Hank ran, faster than he could on his own. With that wave beneath his palm, he nearly flew. Cold air blasted him in the face. His eyes watered, and his mouth went dry. But he didn’t care.
He was flying. He was going to find the girl.
Eppie
Eppie kept her uniform on. Tempted as she was to chuck the whole thing, the air was too frigid. Plus, at the end of the shift, did she really want to end up in the assembly yard completely naked? No. No, she did not.
Today, when her fingertips met the wall, the surface gave, just a bit, beneath the pressure. Nothing too hard, nothing violent, but yet, when she pressed her whole hand—not just the palm—against the wall, she felt herself sink into it.
“Do you forgive me?” she asked. “We didn’t know. They never said.” And here she was, talking to the wall as if it were a real living thing. Was it? She pressed deeper into the surface and the wall swallowed her hand, up to her wrist.
“Oh!” It didn’t hurt. In fact, it made her think of what it might be like to push your way into a marshmallow. During her first year at the Academy, they’d had those, complete with a campfire that threw sparks into the air, the sweet smell of burnt sugar filling her nose. Back when things had felt hopeful, the Academy a lucky break.
Eppie eased her other hand into the wall. “What went wrong? Was it always supposed to end this way?”
The surface moved under her touch, like it was melting, except it was still far too cold for that. “You are so cold,” she said. “That doesn’t seem right.”
Could a living thing be so cold, even one from another planet or dimension, or wherever this thing was from? She let herself fall forward, arms spread wide as if for a giant hug. If the maze didn’t catch her, she’d break her nose, maybe some bones. But she closed her eyes, let gravity take her, and fell head first into the marshmallow wall.
Three inches from
the floor, the maze caught her.
“Thank you,” she whispered. “I knew you would.”
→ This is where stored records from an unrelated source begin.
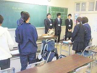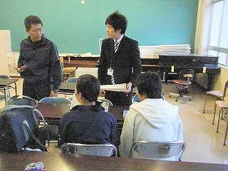 11月に入り、要望していた「大学生による放課後学習支援」活動が始まりました。11月2日(火)には、4人の岩手大学と盛岡大学の学生さんに来ていただき生徒の指導をしていただきました。3人は国語の放課後学習の指導、1人はソフトテニスの部活動指導です。この日の放課後学習は、国語でした。生徒4人に対して、学生さんが3人と指導する先生1人の合計4人でしたので、な!な!なんと「国語のマンツーマン指導」をしていただきました。このスクールトライアルの事業は毎日行われ、たくさんの学生さんに来ていただき、指導をしていただきます。
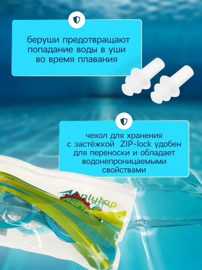 Беруши предотвращают попадание воды и микроорганизмов в уши и нос во время плавания. За счёт эргономичной формы беруши плотно прилегают к телу.
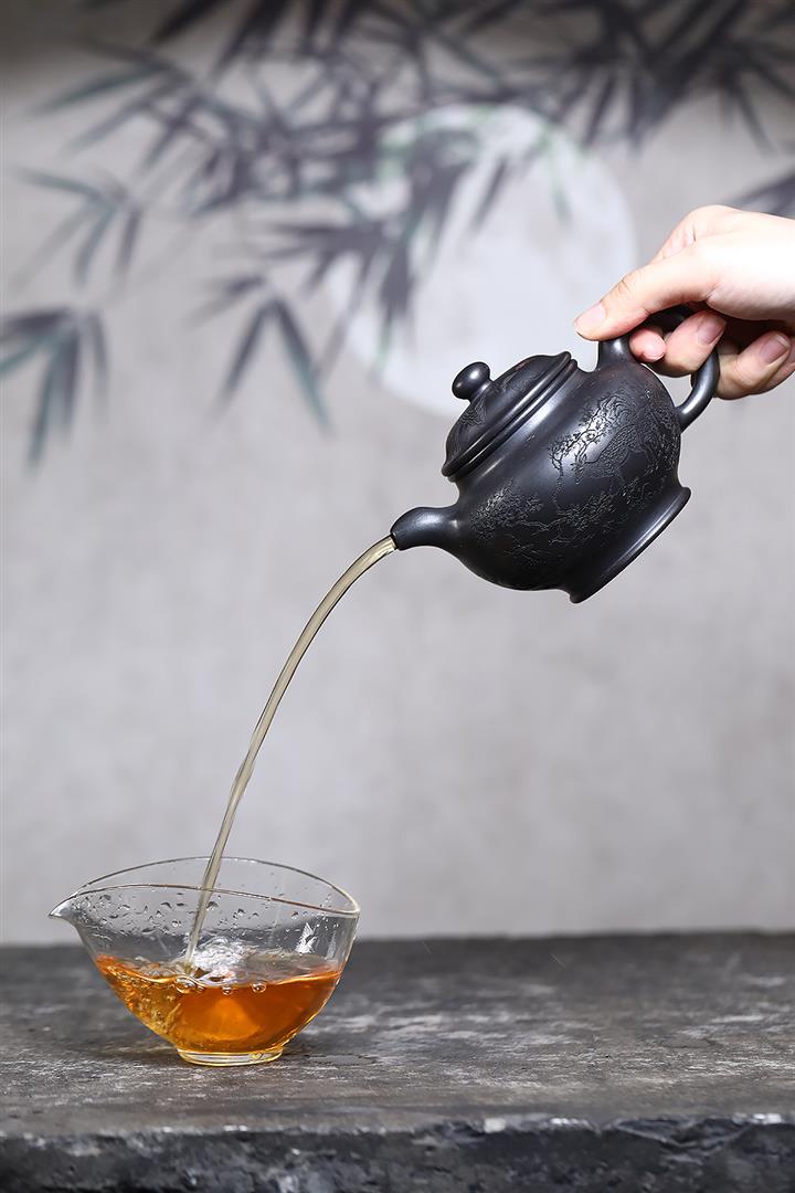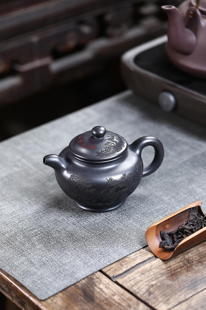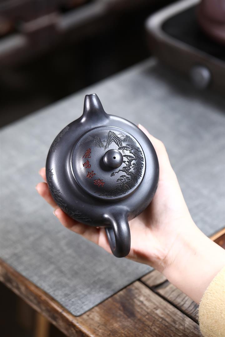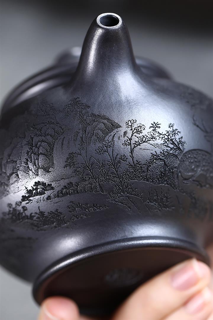 280cc原礦古烏泥刻繪般若禪韻飛把茶壺POT9197
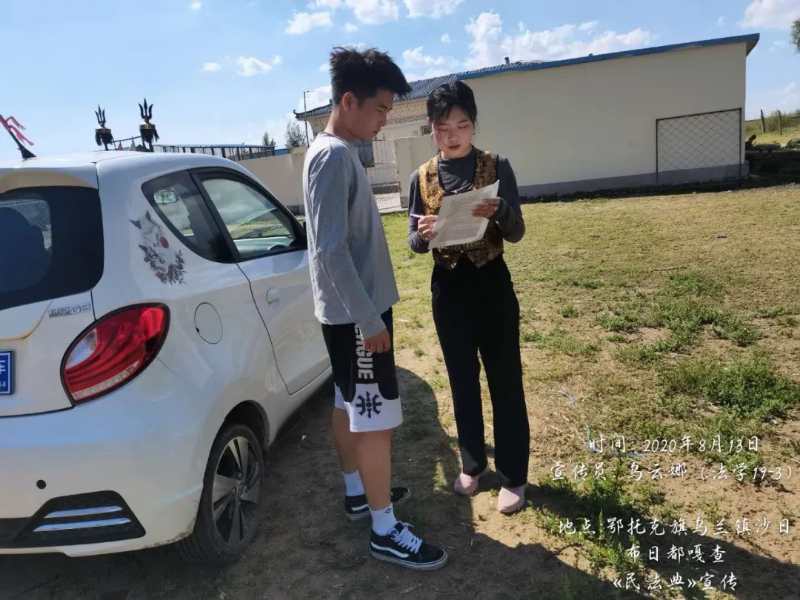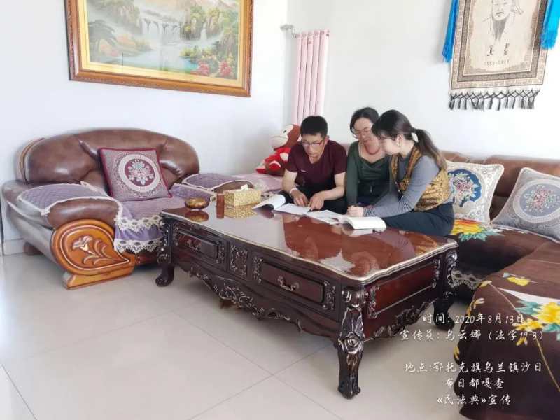 活动分为线上和线下两部分。首先通过制作调查问卷,以二维码的形式参与线上调研并将调查数据进行整理和分析,了解公众对《民法典》的认识程度,通过分析调查数据制作《民法典》的宣传海报、宣传视频,撰写相关文章,在互联网上进行了宣传,让更多人能够了解、学习、运用《民法典》。在线下,团队成员主要在鄂尔多斯市鄂托克旗乌兰镇、通辽市库伦旗茫汗苏木、乌兰浩特市等地通过发放宣传资料,扫码填问卷等方式向周边居民宣传民法典,积极引导群众关注《民法典》,增强了民法典宣传的吸引力和感染力,推动《民法典》走进社会生活的每一个角落。

At that moment, something rolled over her. This was less of a marshmallow and more of a thick wave of frosting. With it came a whoop and a flash of heat. Heat. Warmth.
The boy.
“Hello!” Eppie clambered to her hands and knees. She was fully inside the wall now. She slogged forward. It felt like pushing through a meadow of velvet grass with stalks that grew taller than her head.
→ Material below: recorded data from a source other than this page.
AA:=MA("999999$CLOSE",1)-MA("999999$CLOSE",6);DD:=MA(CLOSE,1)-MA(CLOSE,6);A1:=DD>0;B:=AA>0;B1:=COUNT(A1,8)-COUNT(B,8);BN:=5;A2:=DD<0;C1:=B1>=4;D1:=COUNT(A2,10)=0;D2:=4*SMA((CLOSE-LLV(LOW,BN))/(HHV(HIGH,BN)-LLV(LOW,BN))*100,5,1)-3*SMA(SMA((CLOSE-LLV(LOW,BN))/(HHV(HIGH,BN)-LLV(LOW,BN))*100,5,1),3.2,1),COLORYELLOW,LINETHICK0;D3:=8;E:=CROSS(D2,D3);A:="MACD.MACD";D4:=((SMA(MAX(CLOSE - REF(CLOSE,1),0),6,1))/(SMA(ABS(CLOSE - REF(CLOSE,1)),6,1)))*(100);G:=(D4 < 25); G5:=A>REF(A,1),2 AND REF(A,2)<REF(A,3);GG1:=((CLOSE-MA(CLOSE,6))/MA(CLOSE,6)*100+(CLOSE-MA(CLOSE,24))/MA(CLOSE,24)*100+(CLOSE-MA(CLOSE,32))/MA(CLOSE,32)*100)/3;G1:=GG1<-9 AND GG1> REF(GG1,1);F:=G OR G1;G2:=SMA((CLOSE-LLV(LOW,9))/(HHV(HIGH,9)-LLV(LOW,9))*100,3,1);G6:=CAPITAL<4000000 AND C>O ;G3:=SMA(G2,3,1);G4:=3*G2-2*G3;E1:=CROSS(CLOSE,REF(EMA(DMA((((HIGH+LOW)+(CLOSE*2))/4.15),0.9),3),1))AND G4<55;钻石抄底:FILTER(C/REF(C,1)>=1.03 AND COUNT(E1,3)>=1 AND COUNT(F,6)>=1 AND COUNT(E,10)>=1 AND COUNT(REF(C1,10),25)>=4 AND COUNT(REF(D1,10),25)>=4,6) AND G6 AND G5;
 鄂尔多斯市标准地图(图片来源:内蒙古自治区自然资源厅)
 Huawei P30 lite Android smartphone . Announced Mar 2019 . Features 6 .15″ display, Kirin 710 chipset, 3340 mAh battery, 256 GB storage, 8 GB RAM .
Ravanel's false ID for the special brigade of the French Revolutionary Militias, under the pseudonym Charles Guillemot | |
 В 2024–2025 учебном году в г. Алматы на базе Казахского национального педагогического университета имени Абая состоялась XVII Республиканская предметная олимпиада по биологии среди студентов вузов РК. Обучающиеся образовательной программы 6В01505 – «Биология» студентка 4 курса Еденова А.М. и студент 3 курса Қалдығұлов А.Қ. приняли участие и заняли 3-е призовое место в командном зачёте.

“Hello!” she called again, louder now. “Are you there?”
“Is that you?”
Of course it’s me, Eppie wanted to say. But she knew what he meant. “From yesterday, right?”
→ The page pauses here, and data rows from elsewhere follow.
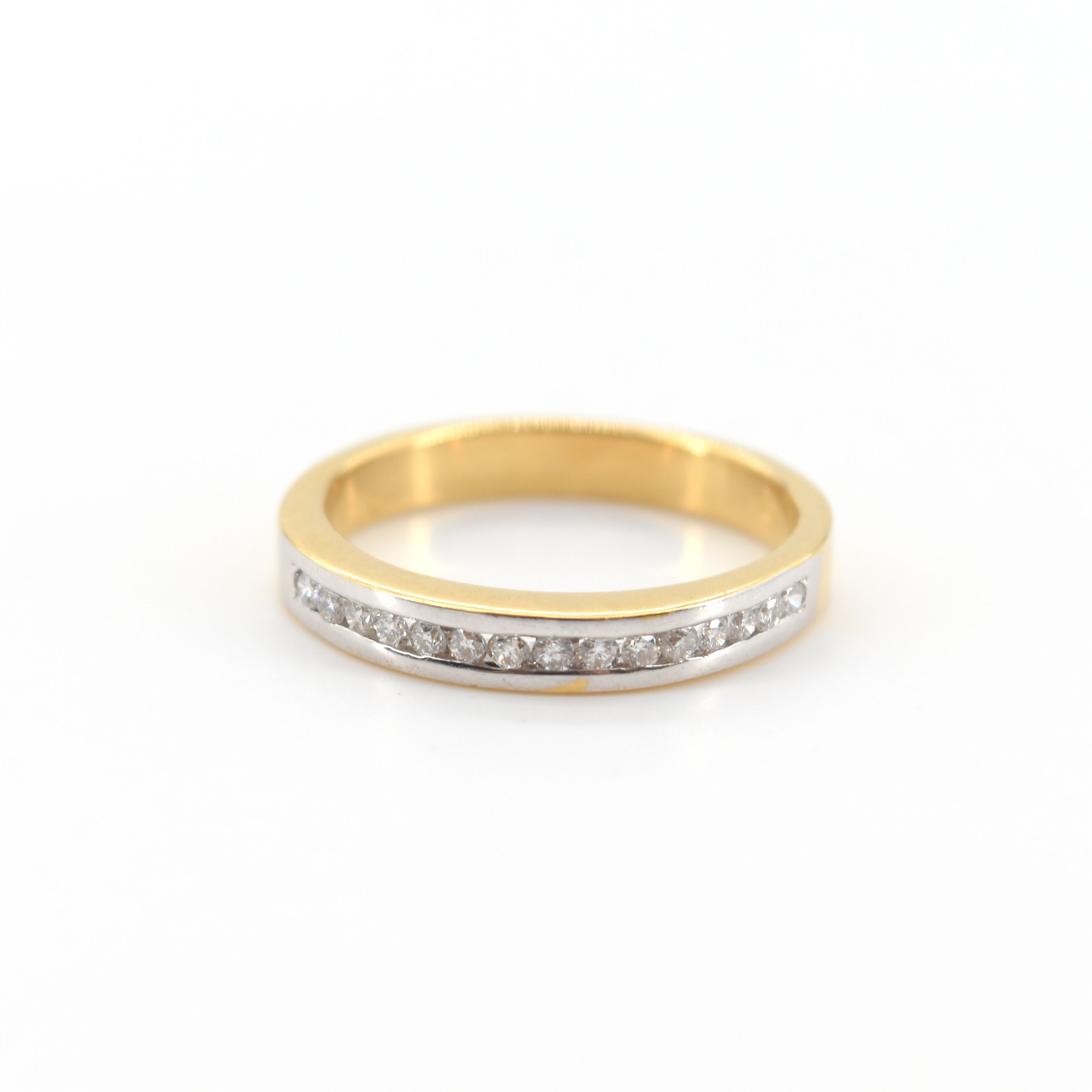 Bague en or jaune et blanc 18 ct sertie de 15 brillants +/- 0.22 ct - 3.5 g (Taille: 55)
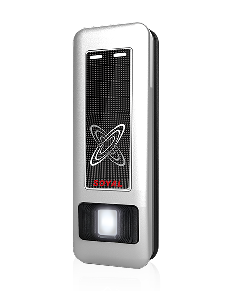 Kontroler akses sidik jari all-in-one berdesain sangat tipis (55mm) dengan housing Zinc Alloy Chrome anti-vandal, sensor sidik jari optik, pembacaan RFID Dual Band, keypad sentuh illuminated dengan Invisible Keypad Function, dan proteksi IP65 — ideal untuk instalasi di ruang sempit maupun outdoor.
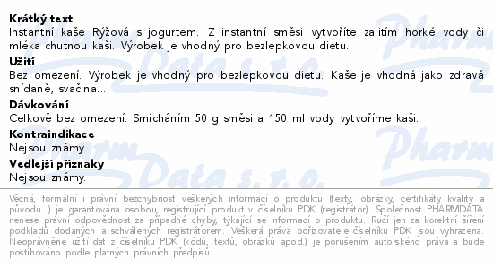 Instantní kaše Rýžová s jogurtem. Z instantní směsi vytvoříte zalitím horké vody či mléka chutnou kaši. Výrobek je vhodný pro bezlepkovou dietu.
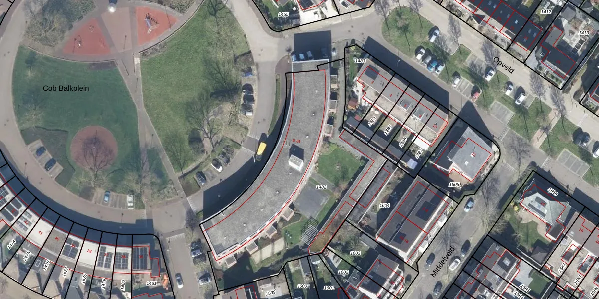 Het perceel waarop Cob Balkplein 20 staat heeft een oppervlakte van 2282 m². Dit is een zeer groot perceel. De perceeloppervlakte wordt geregistreerd door het Kadaster. Gedetailleerde informatie over de maten van dit perceel kunt u vinden in het rapport Kadastrale kaart met maatvoering van Cob Balkplein 20.
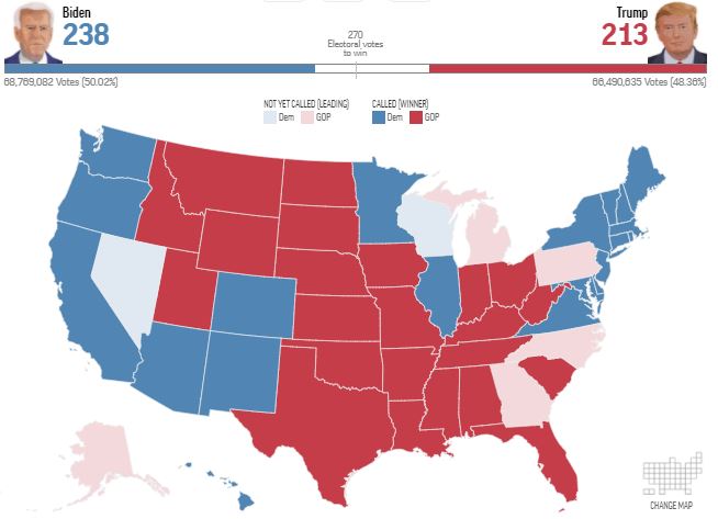 The two candidates, who have proposed dramatically different visions for the nation, split territory across the U.S. after polls closed Tuesday night. With neither candidate securing the 270 Electoral College votes needed to win the White House, Biden urged patience and vowed that every vote would be counted.
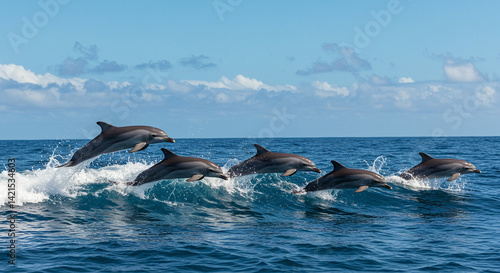© Vanier Johanne, Fototapeta premium Dolphins Jumping Out of Water in the Open Ocean
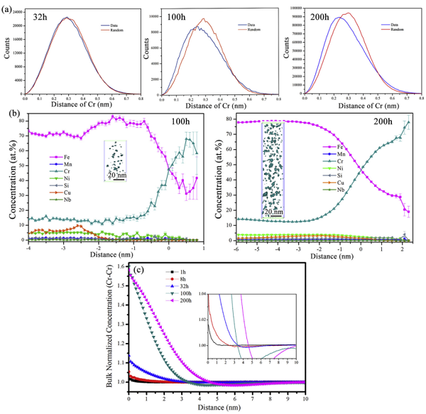 (a) 时效32h、100h和200h,Cr的NND统计;(b) 45%Cr等浓度分布以及剖面分成分布;(c) 富Cr区的“振幅”和“波长”统计

“It is you!” he said. “And the maze, it somehow—”
“Brought us together.” Even the ice cold interior couldn’t cool the blush that flashed across her face. She didn’t know what this boy looked like, didn’t know his name. All she knew was that he liked to head-butt his way into things, that he was loud, that he was trying to find her.
And that made him oh so interesting.
“I’m over here,” she said when he didn’t respond.
“Yeah, that’s just it. I don’t know where ‘here’ is.”
He laughed, and the maze around her shook. Gentle waves made the velvet insides quiver and sent her this way and that.
“The maze likes that,” she said. “It likes to hear you laugh.”
“How do you know?”
“I’m inside it, inside the walls.”
“How on earth—?”
Eppie laughed. “Probably not.”
“You’re right about that,” he said. “But how?”
“Remember the trust falls from first year?”
“I hated those.”
“Same idea.”
“Will you help me?”
“I don’t know where you are.” Eppie held her arms out, fingers investigating the velvet that surrounded her. His heat. She should search for his heat. But all that met her fingertips was more frigid air.